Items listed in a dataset

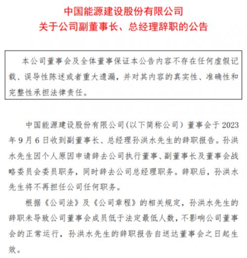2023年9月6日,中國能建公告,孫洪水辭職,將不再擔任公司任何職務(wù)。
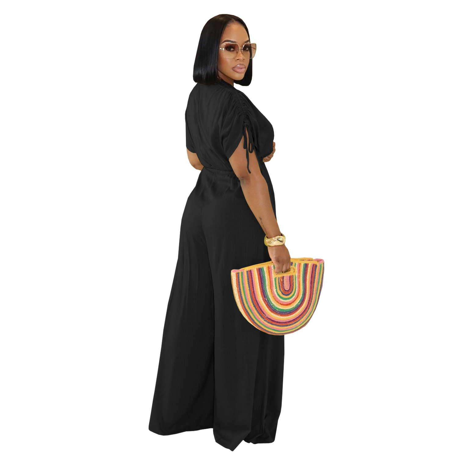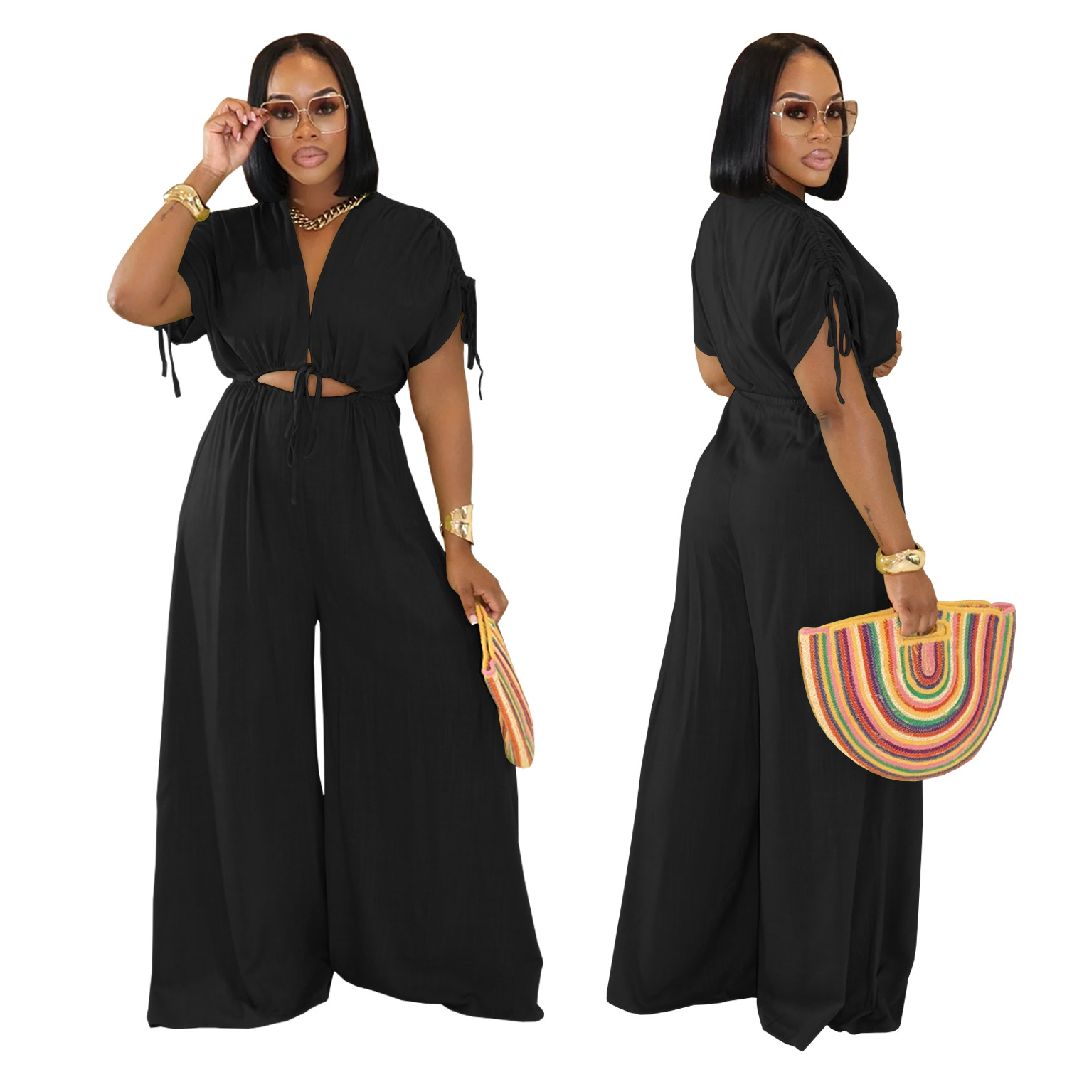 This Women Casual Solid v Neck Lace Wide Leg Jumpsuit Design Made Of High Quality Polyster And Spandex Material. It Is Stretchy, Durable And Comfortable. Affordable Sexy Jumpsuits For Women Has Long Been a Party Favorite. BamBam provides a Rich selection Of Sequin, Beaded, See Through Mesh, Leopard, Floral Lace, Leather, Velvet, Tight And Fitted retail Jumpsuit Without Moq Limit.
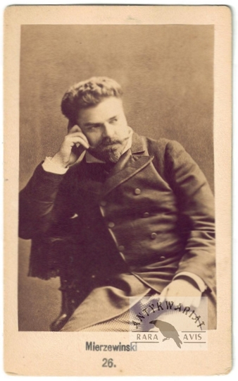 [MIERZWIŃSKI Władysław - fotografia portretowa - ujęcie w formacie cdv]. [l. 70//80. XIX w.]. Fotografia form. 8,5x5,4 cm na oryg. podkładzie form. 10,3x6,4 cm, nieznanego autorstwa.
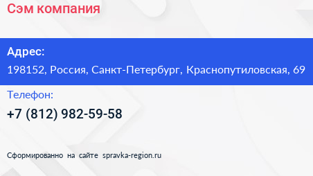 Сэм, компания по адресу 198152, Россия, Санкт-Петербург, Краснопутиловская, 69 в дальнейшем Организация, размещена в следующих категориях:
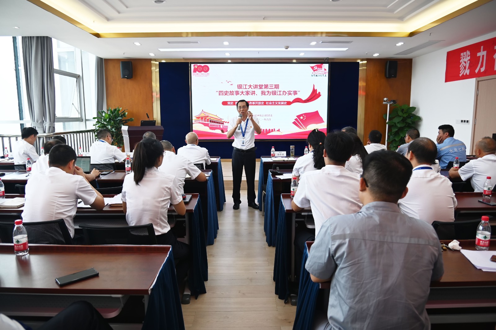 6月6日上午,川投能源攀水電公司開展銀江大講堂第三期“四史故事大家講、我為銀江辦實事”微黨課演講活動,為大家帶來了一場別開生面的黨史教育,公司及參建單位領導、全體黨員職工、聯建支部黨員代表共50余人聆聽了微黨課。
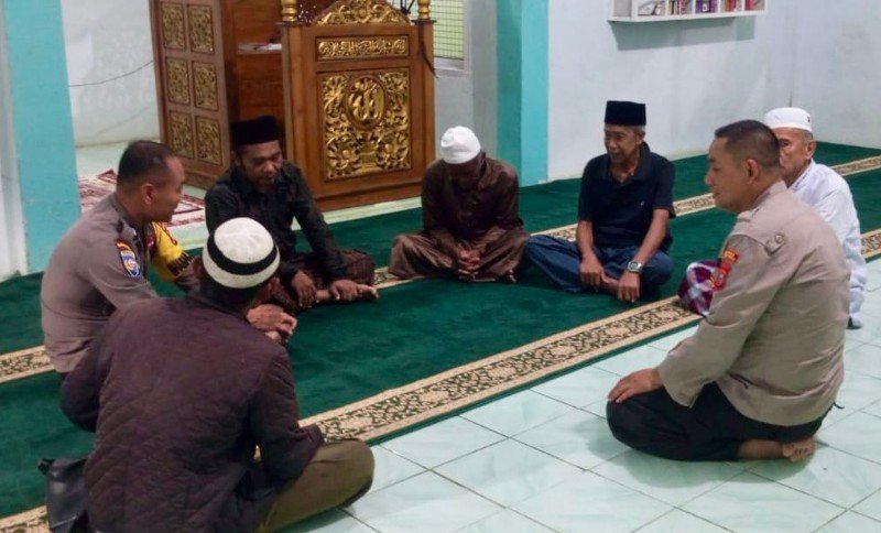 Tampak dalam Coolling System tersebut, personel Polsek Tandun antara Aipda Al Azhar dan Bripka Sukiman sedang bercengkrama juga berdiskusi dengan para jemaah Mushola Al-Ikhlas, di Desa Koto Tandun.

# TASK TO CARRY OUT:
The last line of the entries marks the end, and the line with "Сэм, компания по" marks the start. Output exactly those two lines and every line between them, nothing else, with the pictures left out.

# COMPLETED EXERCISE:
 Сэм, компания по адресу 198152, Россия, Санкт-Петербург, Краснопутиловская, 69 в дальнейшем Организация, размещена в следующих категориях:
 6月6日上午,川投能源攀水電公司開展銀江大講堂第三期“四史故事大家講、我為銀江辦實事”微黨課演講活動,為大家帶來了一場別開生面的黨史教育,公司及參建單位領導、全體黨員職工、聯建支部黨員代表共50余人聆聽了微黨課。
 Tampak dalam Coolling System tersebut, personel Polsek Tandun antara Aipda Al Azhar dan Bripka Sukiman sedang bercengkrama juga berdiskusi dengan para jemaah Mushola Al-Ikhlas, di Desa Koto Tandun.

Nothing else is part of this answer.